Abstract

The pre–fusion power operation 1 phase of ITER is planned to be characterized by electron cyclotron resonance heating only. Under the assumption that the access to H–mode is determined by a critical ion heat flux at the plasma edge, full–radius ASTRA simulations with the TGLF–SAT2 transport model are performed in order to compute the ion heat flux produced by the thermal exchange between electrons and ions in different operational conditions. Both hydrogen and deuterium plasmas at 5 MA are considered, respectively at 1.8 T and 2.65 T, corresponding to one third and half of the nominal maximum magnetic field. Different levels of electron cyclotron heating power are considered in sets of simulations with increasing values of the electron line averaged density. The predictions are compared with the currently available scaling of the critical ion heat flux. In hydrogen, 20 MW of electron heating power are predicted to allow H–mode access in a vanishingly small density window, whereas 30 MW and 40 MW would allow more substantial H–mode operational windows.

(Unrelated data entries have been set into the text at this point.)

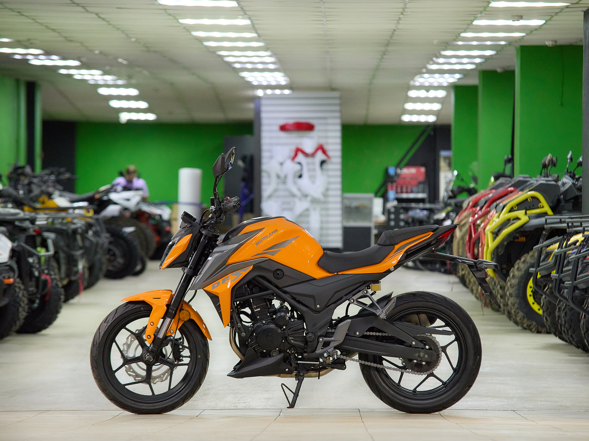Представляем Вашему вниманию дорожный мотоцикл на шестискоростном двигателе 174 MN (CBS300 с балансиром) , с большим радиатором водяного охлаждения, с электростартером, мощностью 24 л.с. На двигателе установлен карбюратор Keihin PE 34 MV.
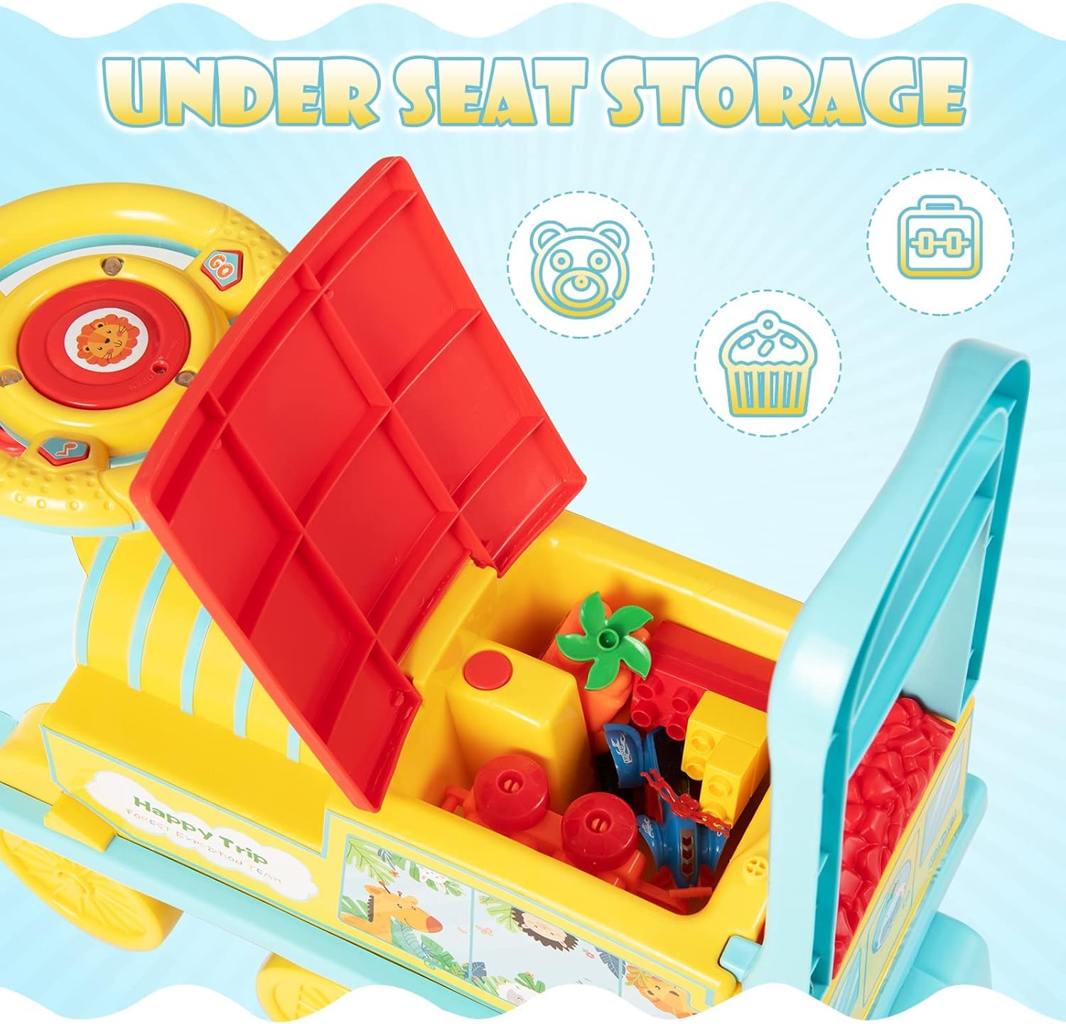 - Spacious Storage Space: There is a hidden storage space under the seat for kids' toys and snacks to free your hands when you are out
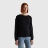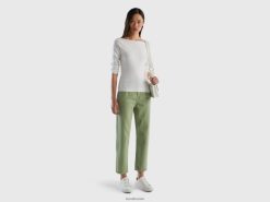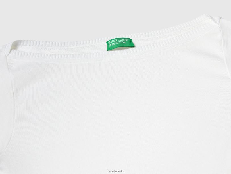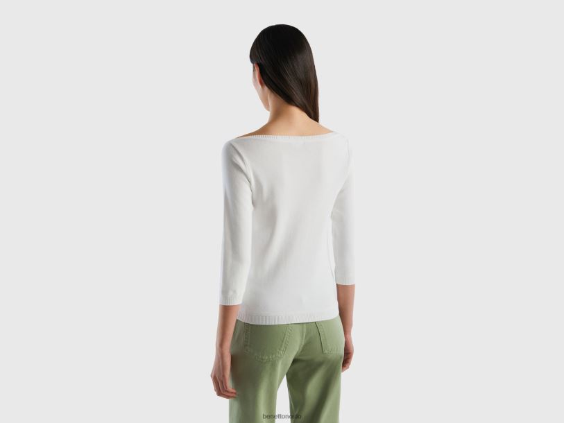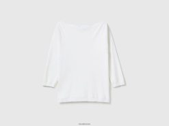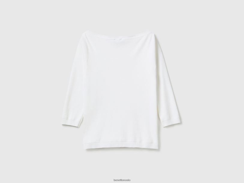 hvit Benetton kvinner 100% bomullsgenser med båthals 20TRB207
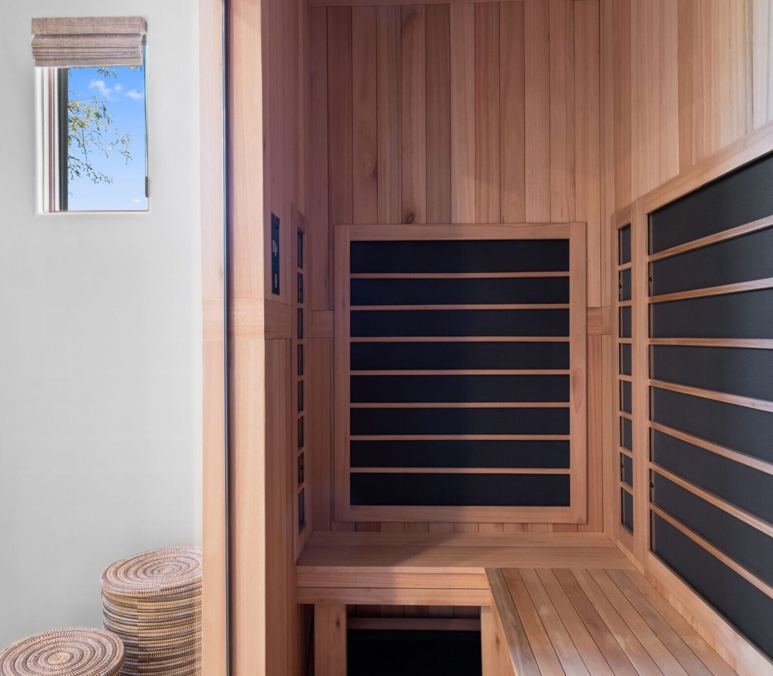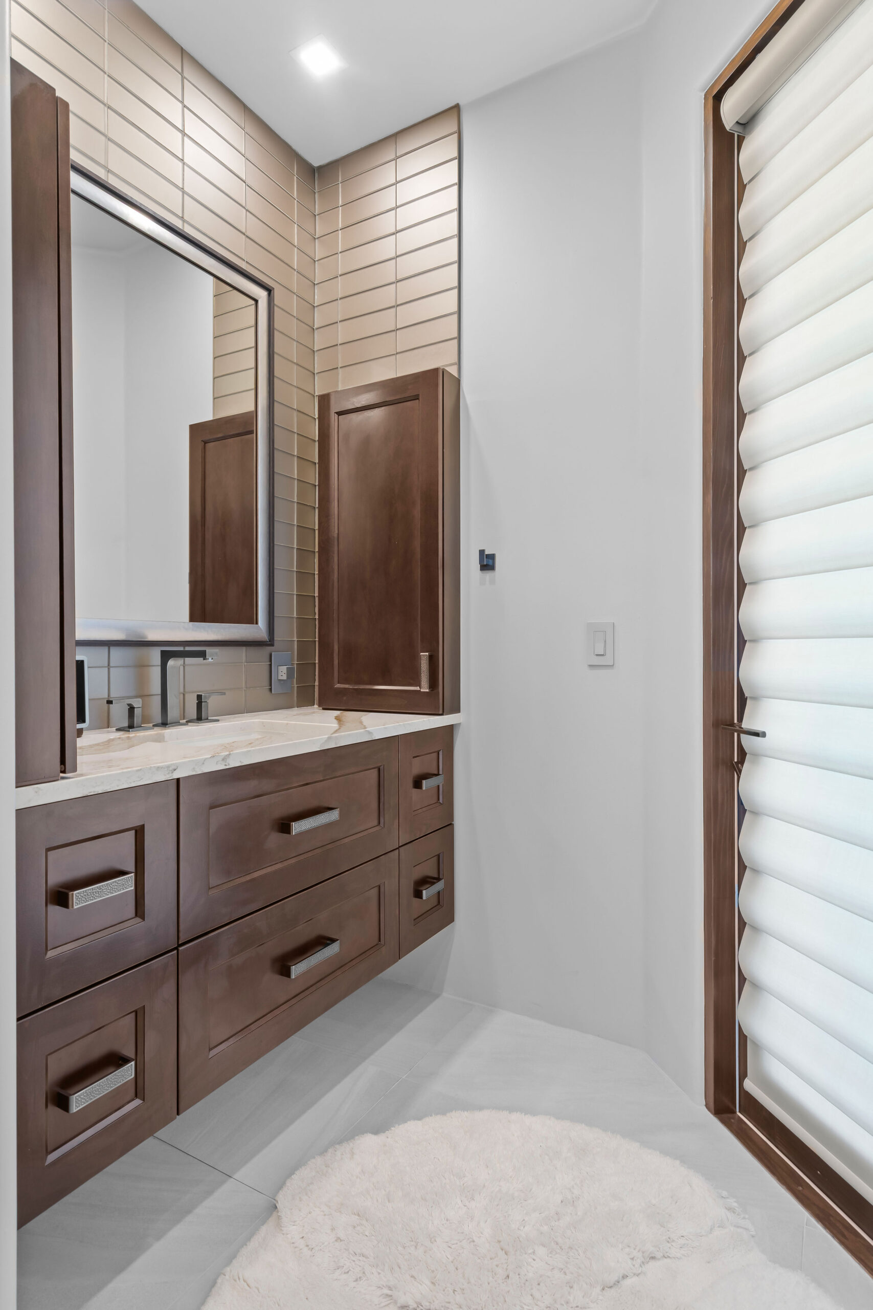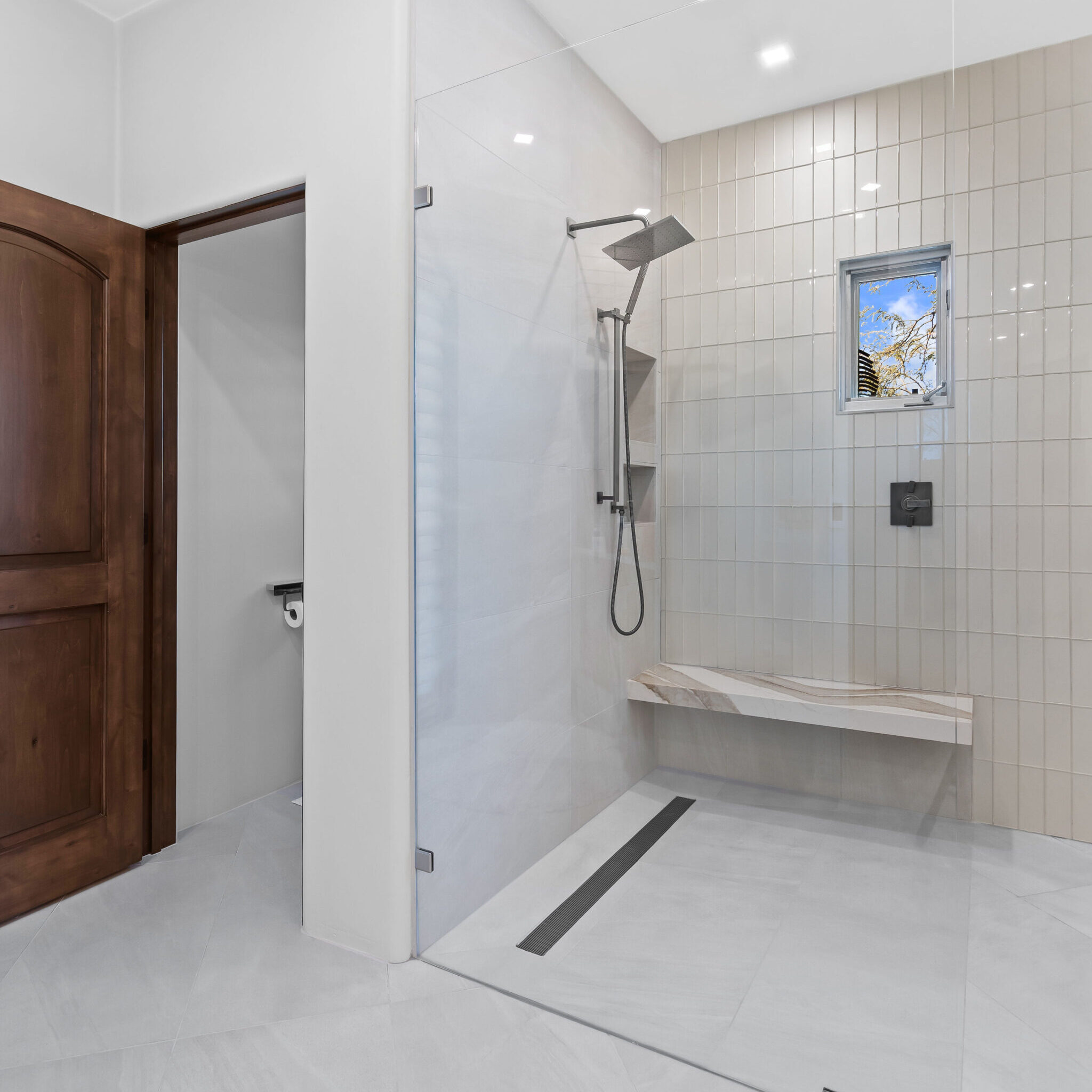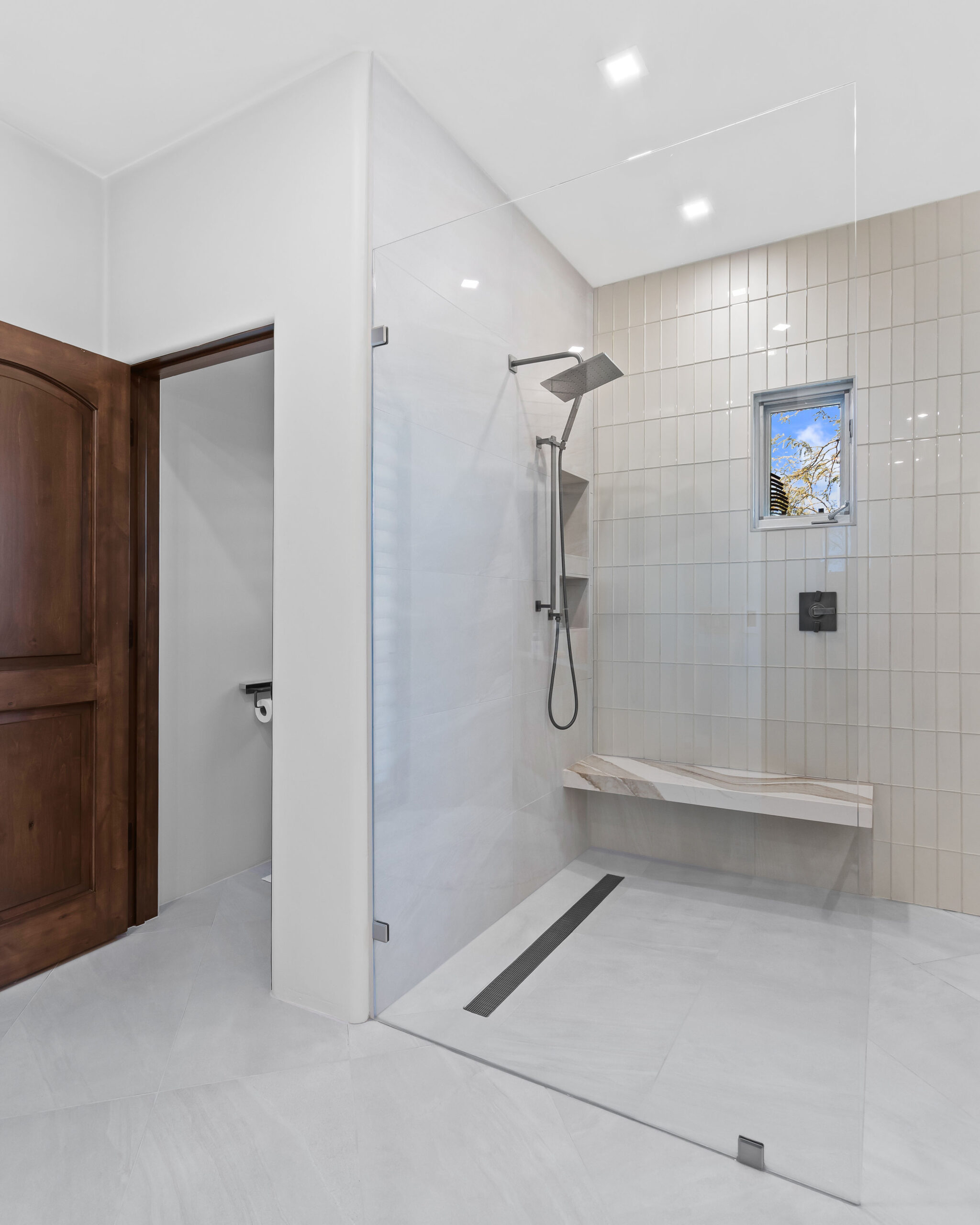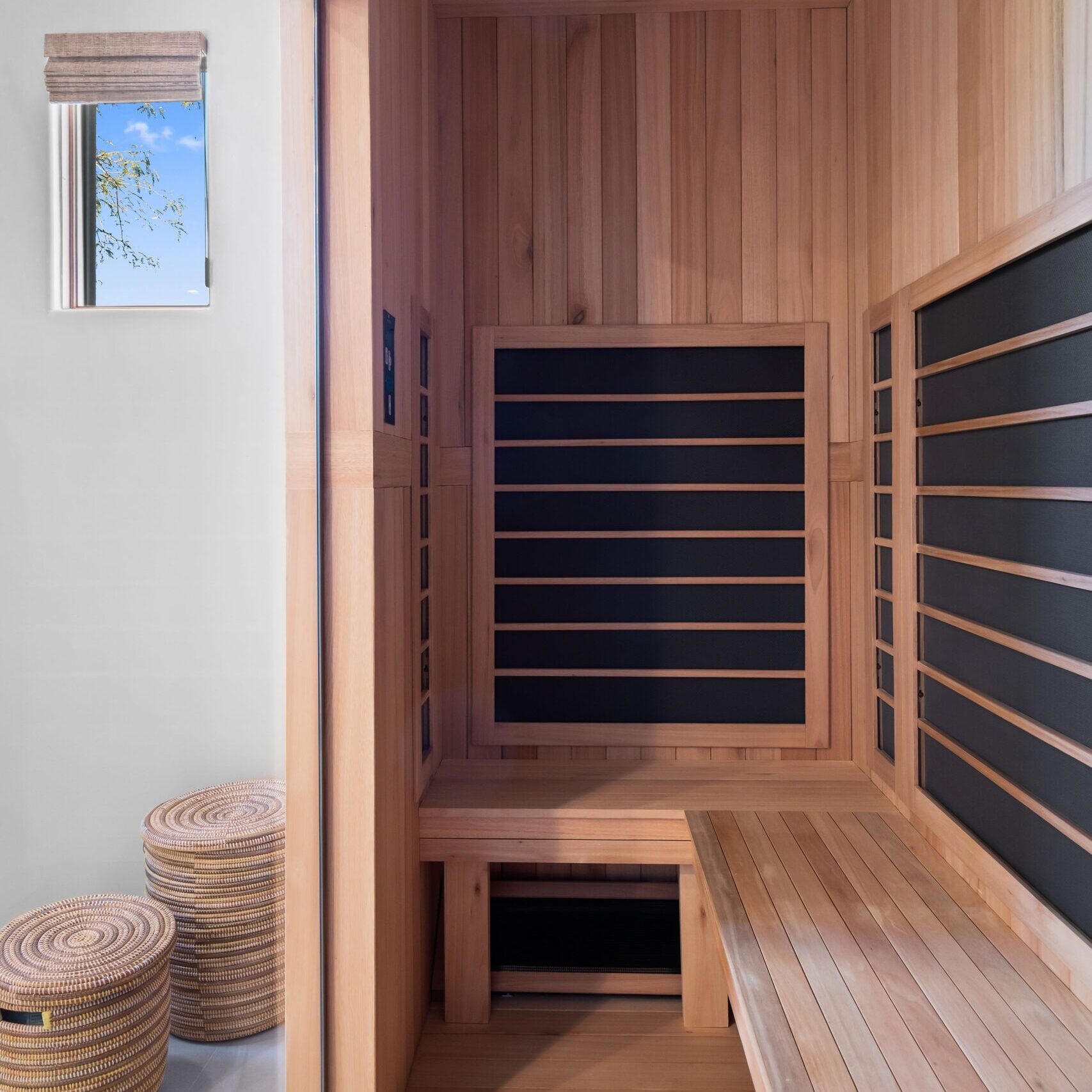 From the beginning, wellness was at the heart of the design. The color palette draws inspiration from natural desert tones — soft neutrals, warm cedar, and matte black accents that balance elegance with earthiness. Frameless glass panels maintain visual openness, while layered lighting creates both functionality and mood.

Despite the fact that in deuterium plasmas the thermal exchange between electrons and ions is smaller by the hydrogen to deuterium mass ratio compared to hydrogen plasmas, the lower H–mode power threshold in deuterium leads to the prediction that an even broader and more robust domain to access H–mode is obtained at half field at 40 MW in deuterium as compared to operation in hydrogen at one third of the maximum magnetic field, even at the same power.